A: Send call attention (1)
B: 1
A: Send testing equipment (16).
B: 1
A: Set block to Line Clear
B: Pull one of your section signals, and then replace it to danger
B: 1
A: Set block to Train on Line
B: 1
A: Set block to Normal/Line Blocked
B: 1
B: Set block to Line Clear
A: Pull one of your section signals, and then replace it to danger
A: 1
B: Set block to Train on Line
A: 1
B: Set block to Normal/Line Blocked
A: 1
B: 16

This regulation must be used when a train needs to pass your last stop signal into the block section for shunting purposes. If a train is to be shunted in the wrong direction of a double line, you must use 3.7 Blocking Back instead. When sending shunt into forward section, you must:

1. Send call attention (1) to the next signal box and await acknowledgement.
2. Send shunt into forward section (3-3-2) and await acknowledgement.
3. If you can begin the shunt move, you will receive line clear on the block instrument. You may then clear your signals for the train to proceed.
4. Send train entering section (2) to the next signal box. Ensure that they set their block instrument to train on line.
5. Once the train has left the block section and completed shunting, you should send call attention (1), followed by train withdrawn (8) to the next signal box.

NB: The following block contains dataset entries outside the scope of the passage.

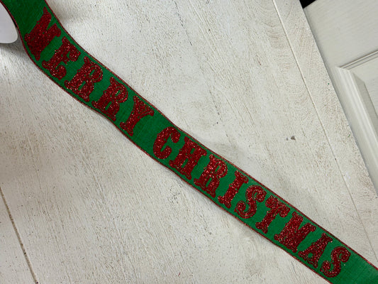 2.5 Inch By 10 Yard Emerald Green And Red Merry Christmas Ribbon
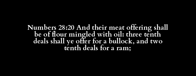 Numbers 28:20 And their meat offering shall be of flour mingled with oil: three tenth deals shall ye offer for a bullock, and two tenth deals for a ram;
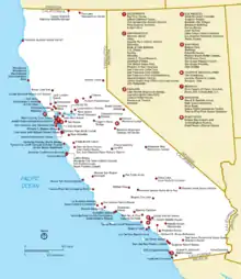 The table below lists all 148 sites, along with added detail and description. The sites are distributed across 36 of California's 58 counties.[2]
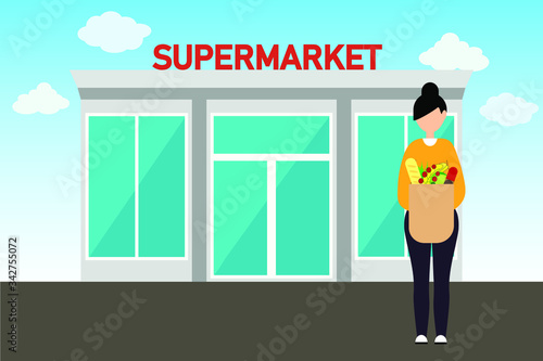 Vector illustration of customer male standing in front of hotel door. Hotel guest concept flat style design element.
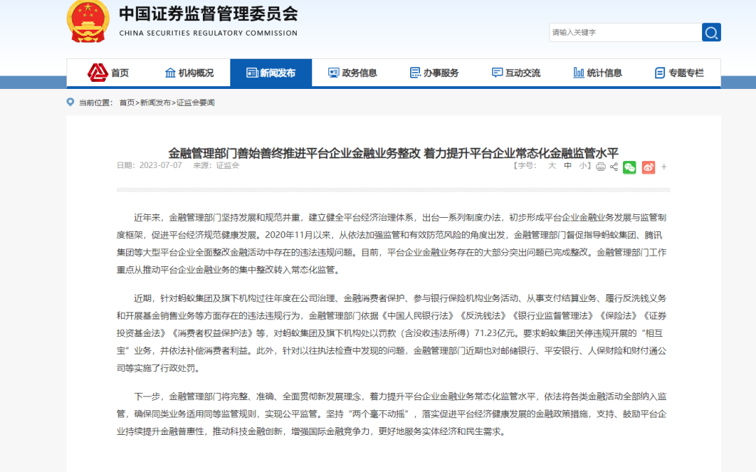 Currently, the special rectification work on most of prominent problems concerning major platform companies' financial activities has already completed, according to the China Securities Regulatory Commission.
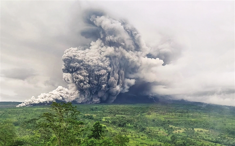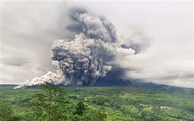 印尼地质局19日说,位于该国东爪哇省的塞梅鲁火山当天喷发,火山警戒级别已被提升至最高级。新华社发
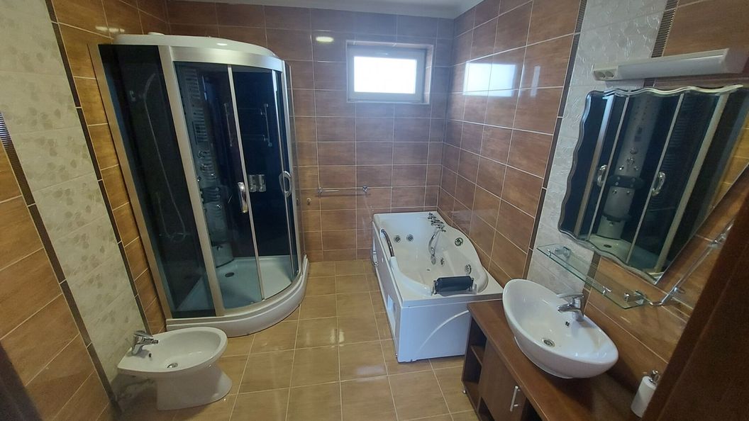sierpień 2025Mindent megtaláltunk egy helyen, amire vágytunk! Bár rossz időt fogtunk ki, mégsem unatkoztunk. Volt medence, jakuzzi, szauna, csocsó, biliárd, darts! Az egész ház makulátlan, tágas és modern. Külön örültünk, hogy minden szobához tartozott saját fürdőszoba. Nem utolsósorban a tulajdonos kedvességét is megemlíteném, lehet, másnak nem számít, de nekünk jól esett. Csak ajánlani tudom a helyet, mi biztos megyünk még!
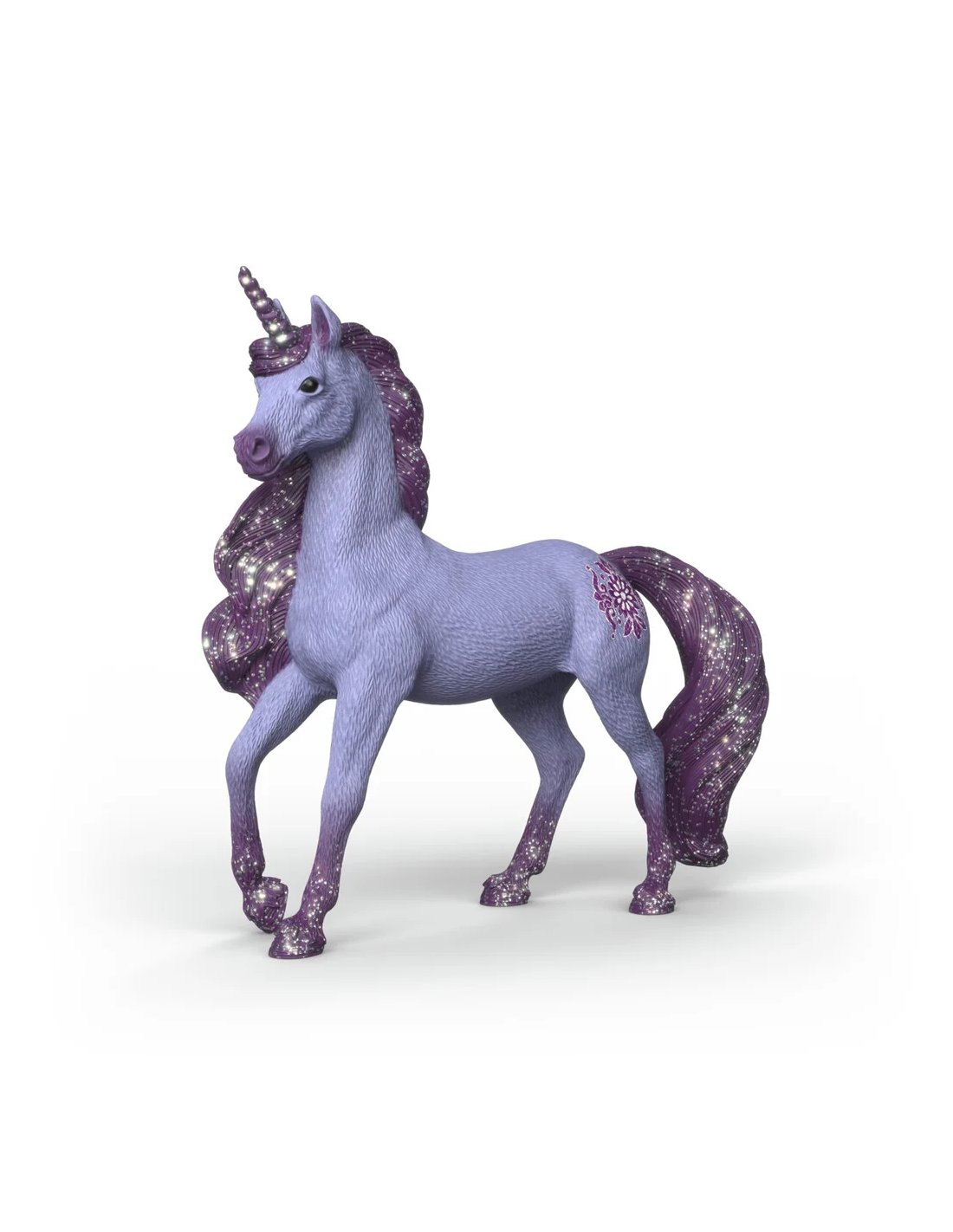 Orchid combina a la perfección con los miembros de su familia ya mostrados: la dulce yegua unicornio Peach (70860) y el encantador potro unicornio Iris (70861). La relación de color entre el semental y el potro es inconfundible. El semental Orchid y el potro Iris comparten el mismo color púrpura resplandeciente, una conexión encantadora que revela su parentesco mágico a primera vista.

If you receive shunt into forward section you must:

1. Check that no train are in the block section.
2. Acknowledge shunt into forward section (3-3-2) and place your block instrument at line clear.
3. When you receive train entering section (2), acknowledge it and place your block instrument at train on line.
4. When you receive shunt withdrawn (8), acknowledge it and place your block instrument to normal.

This regulation must be used when you must send a train in the wrong direction of a double line for shunting purposes. If you're shunting a train in the right direction, you must use 3.6 shunt into forward section.

If you are intending to send Blocking Back, you must:

1. Send call attention (1) to the signal box you wish to block the home signal then await acknowledgement.
2. Send blocking back outside home signal (3-3), and await acknowledgement.
3. After the bell was acknowledged, turn your block instrument to Train On Line.
4. Perform the shunting movement. You need to come to a clear understanding with the driver before clearing relevant signals/giving verbal authority.
5. After the movement has left the block section and have completed the shunting movement. You must send obstruction removed (2-1-2), and await acknowledgement. Once the other signal box acknowledged your obstruction removed, you must return the block instrument to Normal.

When you are receiving Blocking Back, you must:

1. Understand the line to the sending signal box is blocked and you cannot send a movement toward it, then acknowledge blocking back outside home signal (3-3).
2. Wait for the shunting movement to complete.
3. Acknowledge obstruction removed (2-1-2). Check that the block instrument is at Normal before sending any new movement.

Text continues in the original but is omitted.